▸ WHAT TO WORK ON
Starting with the line below that holds "km from Cluj-Napoca." and stopping after the line that holds "Coltar extensibil si", transcribe the lines exactly, leaving out all pictures.

▸ AVAILABLE DATA

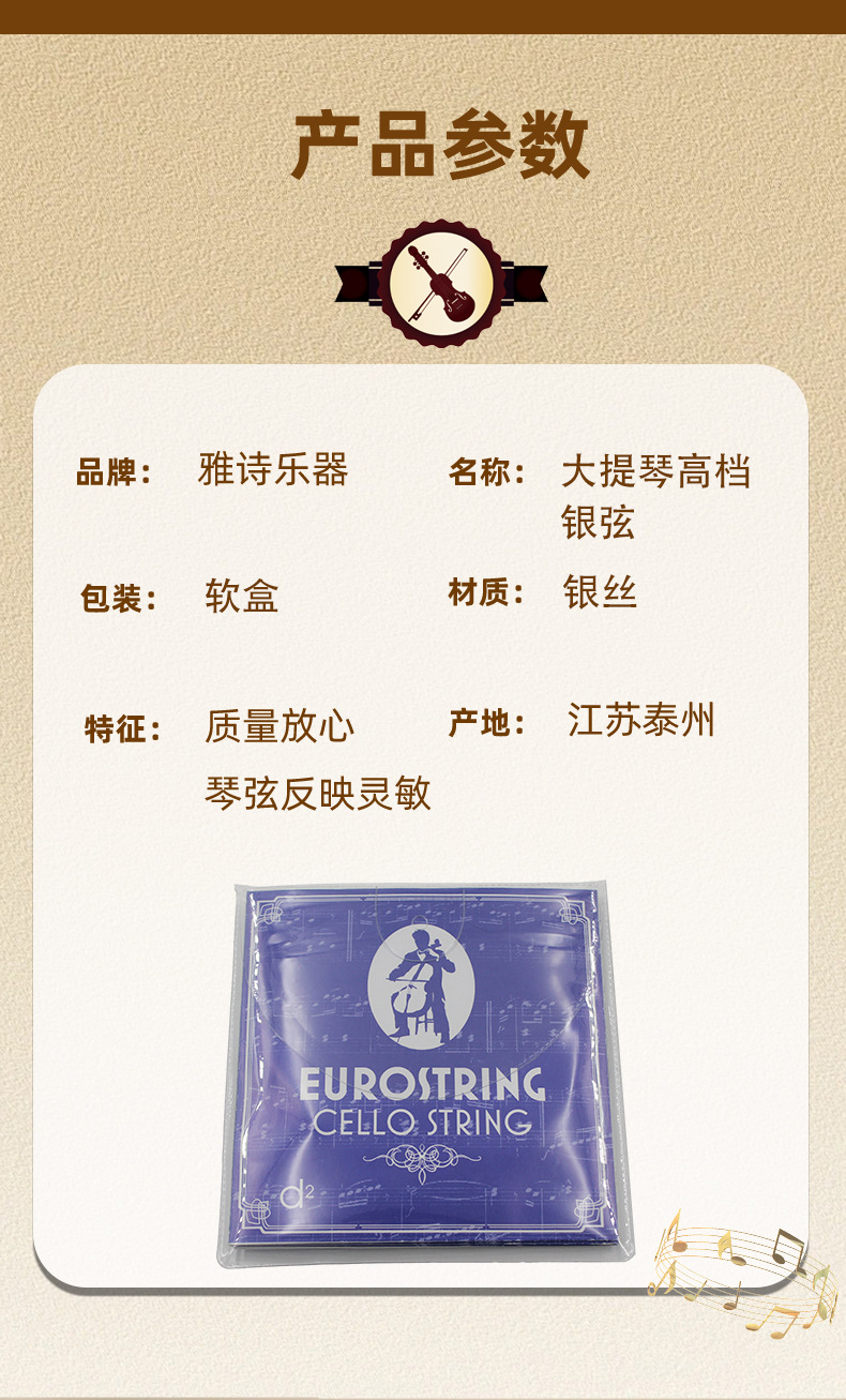 Струны для виолончели высокого класса, серебряная проволока, мягкая коробка, индивидуальная упаковка
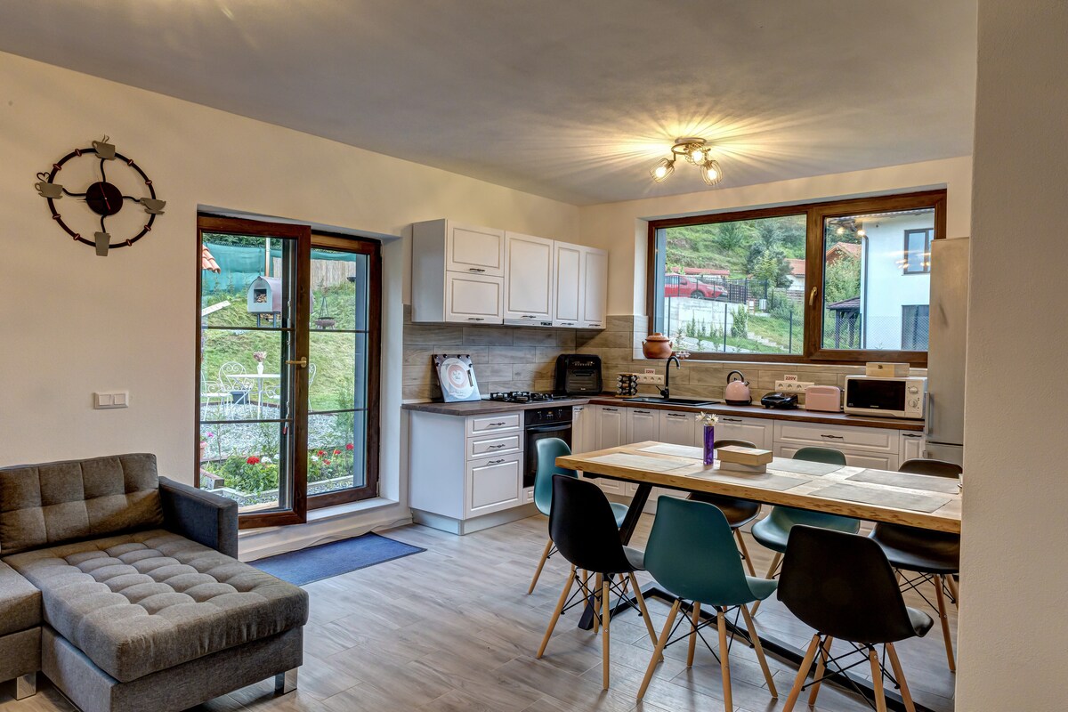 RO: "Casa Liniștită” este o casă de vacanță cu două niveluri, complet echipată și utilată, care se închiriază „la cheie”. Vă oferim oportunitatea de a petrece câteva zile în natură și liniște la doar 14 km de Cluj-Napoca. ENG: A holiday cabin with two levels, fully equipped. We offer you the opportunity to spend a few days in nature and peace just 14 km from Cluj-Napoca.
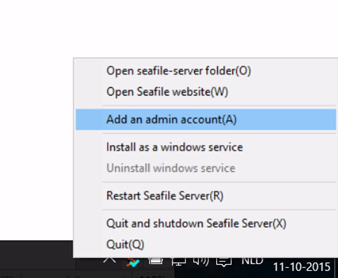 Klik met de rechtermuisknop op het systeemvakpictogram van Seafile en klik op Add an admin account.
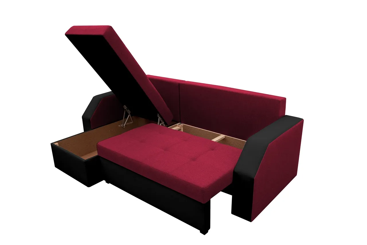 Coltar extensibil si reversibil Madrid 226x145x79cm 2 lazi depozitare Rosu/Negru
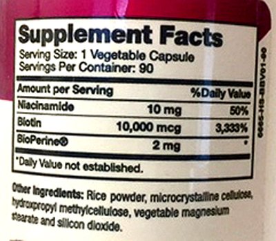 PURE biotin in each capsule. It is enhanced with Niacin and patented Bioperine®. One bottle has 90 odorless vegetable capsules that are easy to take and absorb. Sufficient for 3 month supply.
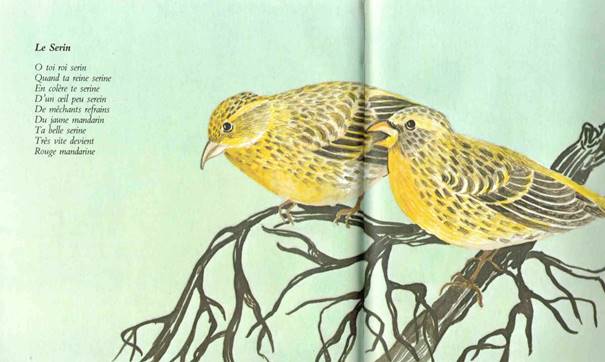 Illustration 3. Jean-Hugues Malineau, Prête-moi tes plumes, ill. Sylvie Selig, École des loisirs, coll. « Chanterime », 1978 : « Le Serin »

▸ ANSWER AREA
 RO: "Casa Liniștită” este o casă de vacanță cu două niveluri, complet echipată și utilată, care se închiriază „la cheie”. Vă oferim oportunitatea de a petrece câteva zile în natură și liniște la doar 14 km de Cluj-Napoca. ENG: A holiday cabin with two levels, fully equipped. We offer you the opportunity to spend a few days in nature and peace just 14 km from Cluj-Napoca.
 Klik met de rechtermuisknop op het systeemvakpictogram van Seafile en klik op Add an admin account.
 Coltar extensibil si reversibil Madrid 226x145x79cm 2 lazi depozitare Rosu/Negru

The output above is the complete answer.